_Activity_. Write out the data word for word, taking care that no picture is carried over.

_Collected material_.
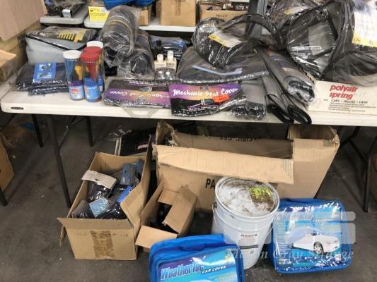 CONTENTS OF TABLE, MECHANIC SEAT COVERS, CAR BLANKETS, CAR COVER, BACK SUPPORTS, ZIP TIES, MOREY'S BIG FOOT GREASE ETC.
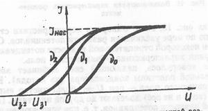 Как уже говорилось, падающий свет выбивает электроны из отрицательной пластины конденсатора (из катода). В отсутствие электрического поля — при U=0 большинство вырванных электронов (хотя и не все) долетают до другой пластины. При положительной разности потенциалов, т. е. при ускоряющем электрическом поле, сила фототока слегка увеличивается, а затем достигает своего предельного значения. Предельное значение фототока носит название тока насыщения — Iнас. Ток насыщения соответствует случаю, когда все вырванные светом электроны достигают анода.
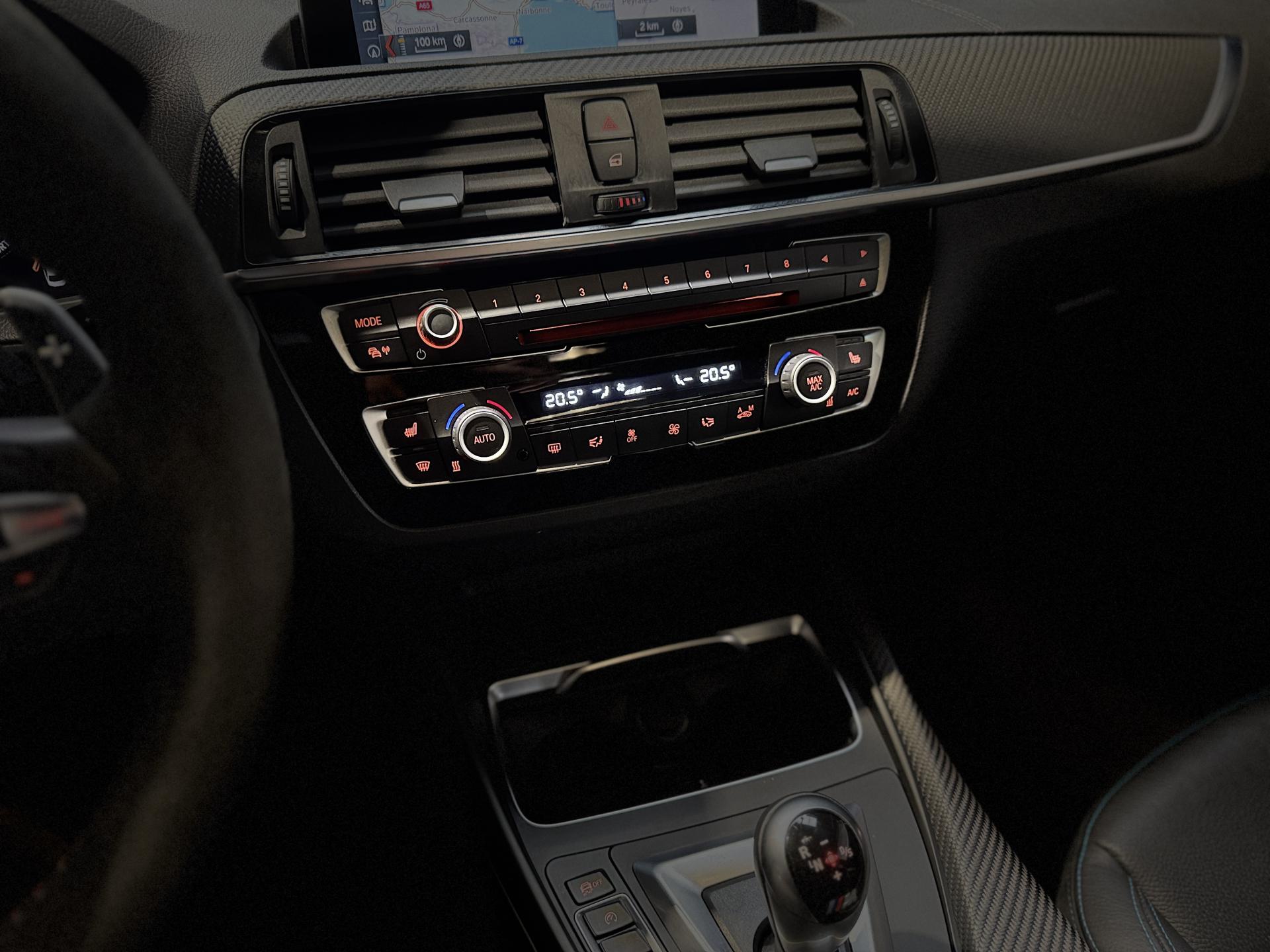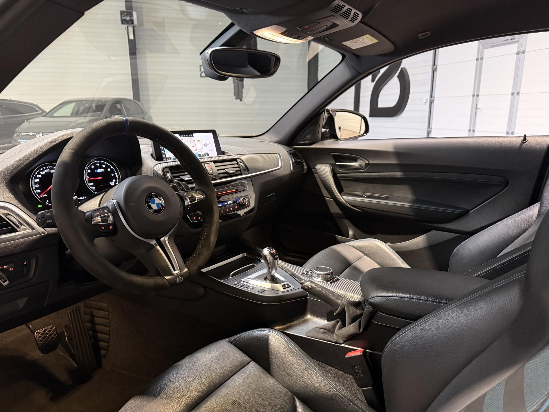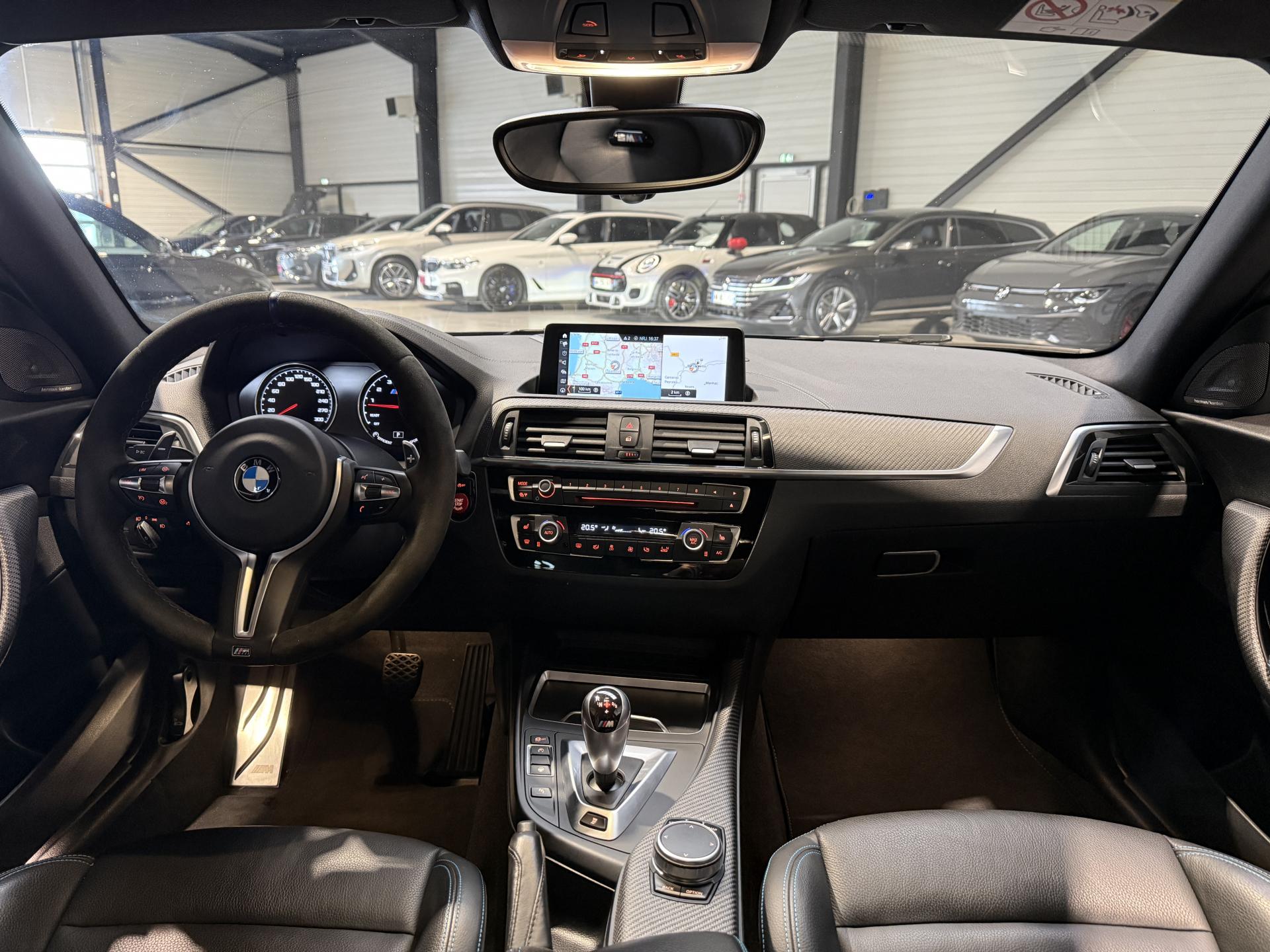 Nombreuses options : GPS, caméra de recul, Apple Carplay, radars avants et arrières de détection d'obstacles, Sièges AV Sport M intégraux avec logo "M2" rétroéclairé ( 1 291 € ), Système Hi-Fi Harman/Kardon 12 HP ( 666 € ), Inserts décoratifs en fibre de carbone ( 383 € ), Connectivité avancée sans fil avec recharge par induction ( 383 € ), Vitrage calorifuge ( 291 € ), Tuner DAB ( 275 € ), Sièges AV avec appui lombaire ajustable ( 208 € ), Musique à la demande "Online Entertainment" ( 183 € ), Touches multifonctions sur le volant, Appel d'Urgence Intelligent (durée de vie de la voiture), Ceintures de sécurité noires avec liserés aux couleurs M, Mesure individuelle de pression des pneumatiques avec 3 niveaux d'alerte, Régulateur de vitesse avec fonction freinage, Rétroviseur intérieur électrochrome, Sièges AV chauffants, feux BMW adaptive LED, ....

_Exercise output_.
 CONTENTS OF TABLE, MECHANIC SEAT COVERS, CAR BLANKETS, CAR COVER, BACK SUPPORTS, ZIP TIES, MOREY'S BIG FOOT GREASE ETC.
 Как уже говорилось, падающий свет выбивает электроны из отрицательной пластины конденсатора (из катода). В отсутствие электрического поля — при U=0 большинство вырванных электронов (хотя и не все) долетают до другой пластины. При положительной разности потенциалов, т. е. при ускоряющем электрическом поле, сила фототока слегка увеличивается, а затем достигает своего предельного значения. Предельное значение фототока носит название тока насыщения — Iнас. Ток насыщения соответствует случаю, когда все вырванные светом электроны достигают анода.
 Nombreuses options : GPS, caméra de recul, Apple Carplay, radars avants et arrières de détection d'obstacles, Sièges AV Sport M intégraux avec logo "M2" rétroéclairé ( 1 291 € ), Système Hi-Fi Harman/Kardon 12 HP ( 666 € ), Inserts décoratifs en fibre de carbone ( 383 € ), Connectivité avancée sans fil avec recharge par induction ( 383 € ), Vitrage calorifuge ( 291 € ), Tuner DAB ( 275 € ), Sièges AV avec appui lombaire ajustable ( 208 € ), Musique à la demande "Online Entertainment" ( 183 € ), Touches multifonctions sur le volant, Appel d'Urgence Intelligent (durée de vie de la voiture), Ceintures de sécurité noires avec liserés aux couleurs M, Mesure individuelle de pression des pneumatiques avec 3 niveaux d'alerte, Régulateur de vitesse avec fonction freinage, Rétroviseur intérieur électrochrome, Sièges AV chauffants, feux BMW adaptive LED, ....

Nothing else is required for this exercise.